Merkel lässt AKW schrittweise abschalten "Murks muss man ändern"
03.06.2011, 20:45 UhrDie deutschen Atomkraftwerke sollen schrittweise abgeschaltet werden, so Kanzlerin Merkel nach einem Treffen mit den Ministerpräsidenten der Länder. Eine geballte Stilllegung in den Jahren 2021 und 2022 ist damit vom Tisch. Hat die Kanzlerin in Sachen Atompolitik noch mehr zu bieten? Und was bedeutet Merkels Einlenken für ihr Verhältnis zu den Grünen?

Mit dem Jahr 2022 soll der Ausstieg aus der Atomkraft vollzogen sein.
(Foto: picture alliance / dpa)
"Noch vor wenigen Tagen war im schwarz-gelben Energiepapier der Koalition von einem gemeinsamen Abschalten aller Rest-Meiler erst in zehn Jahren die Rede. Jetzt sollen die Reaktoren fast im Jahres-Takt vom Netz gehen." So wolle Merkel den Verdacht ausräumen, es handele sich bei einem geballten Ausstieg um eine "Mogelpackung". Dafür ernte sie sogar Lob von Greenpeace. Und, so merkt die Nordwest-Zeitung aus Oldenburg, sie mache es der Opposition schwer, ihre Atompläne zu kritisieren. "Sollte Merkel noch ein Gesetz zur bundesweiten Suche nach einem Endlager und womöglich gar einen früheren Ausstieg als 2022 nicht ausschließen, ja dann wäre wirklich die 180-Grad-Wende vollzogen. Wer hätte das gedacht?"
Auch die Frankfurter Rundschau honoriert die Einsicht der Kanzlerin, hat aber noch einen Tipp für die Regierung parat: "Na also, auch Kanzlerin Merkel hat eingesehen: Wenn etwas Murks ist, muss man es ändern. Jedes AKW soll ein eigenes Abschaltdatum bekommen. (…). Der offensichtlichste Unsinn im Ausstiegsplan wird damit getilgt.
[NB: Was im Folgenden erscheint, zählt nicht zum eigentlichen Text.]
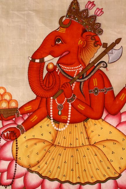 A INDIAN SILK PAINTING OF GANESH / DEITY, 55cm x 45cm
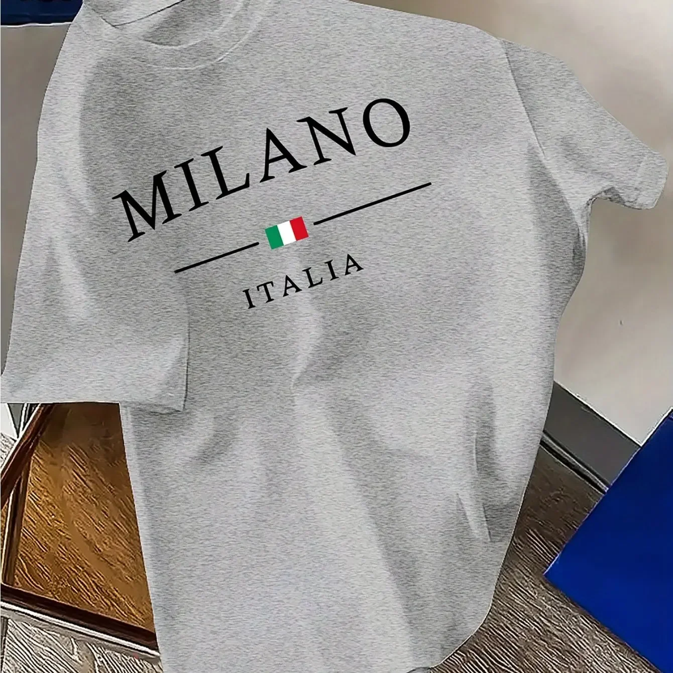 Summer fashion men’s T-shirt 100% pure cotton printed casual Milan Italian soft and breathable short-sleeved T-shirt for men

Und da Schwarz-Gelb gerade neu justiert: Das Enddatum vorzuziehen, darf auch kein Tabu sein."
"Merkel ist Realistin genug zu wissen, dass sie aus der Glaubwürdigkeitsfalle nur herauskommt, wenn sie den Atomausstieg wasserdicht hinbekommt. Deshalb buhlt sie um die Gunst der Länder. Deshalb ist die Zustimmung von Rot und Grün längst wichtiger als die Zustimmung der FDP." Für den Neuen Tag aus Weiden ist klar, dass Merkel sich damit "ganz nebenbei" auch für die Bundestagswahl 2013 alle Optionen offen halte: "Sie könnte die erste Kanzlerin werden, die mit fast allen regiert hat: mit SPD, FDP - und den Grünen."
Der Atomausstieg ist beschlossene Sache. Jetzt hapere es nur noch an der Feinjustierung, stellt die Stuttgarter Zeitung fest: "Über Kaltreserven, die Förderung der Alternativenergien und das Gesetz zur Endlagersuche ist man sich im Grundsatz einig. Da bleibt im Detail zwar dennoch jede Menge Streitwert übrig. Aber an Verfahrensfragen wird die Energiewende nicht mehr scheitern. Ein gesellschaftlicher Konsens zum Atomausstieg scheint möglich, vielleicht sogar unter baden-württembergischer, also grüner, Beteiligung. Was fehlt sind die Details - und die Mehrheit im Bundestag."
Das Flensburger Tageblatt ruft die Konsequenzen der Energiewende in Erinnerung: "Der evangelische Kirchentag kommt mit seinen Appellen zum raschen Atomausstieg kaum nach, so groß ist mittlerweile die partei- und länderübergreifende Einigkeit in der Energiepolitik. Doch gehört auch zur Wahrhaftigkeit, die Folgen nicht unter den Teppich zu kehren. So erklärte SPD-Fraktionschef Steinmeier in Dresden, dass mit dem Atomausstieg eine stärkere Nutzung fossiler Energieträger notwendig werde. Der Hinweis unterstreicht, dass die Energiewende nicht das Paradies auf Erden bringt."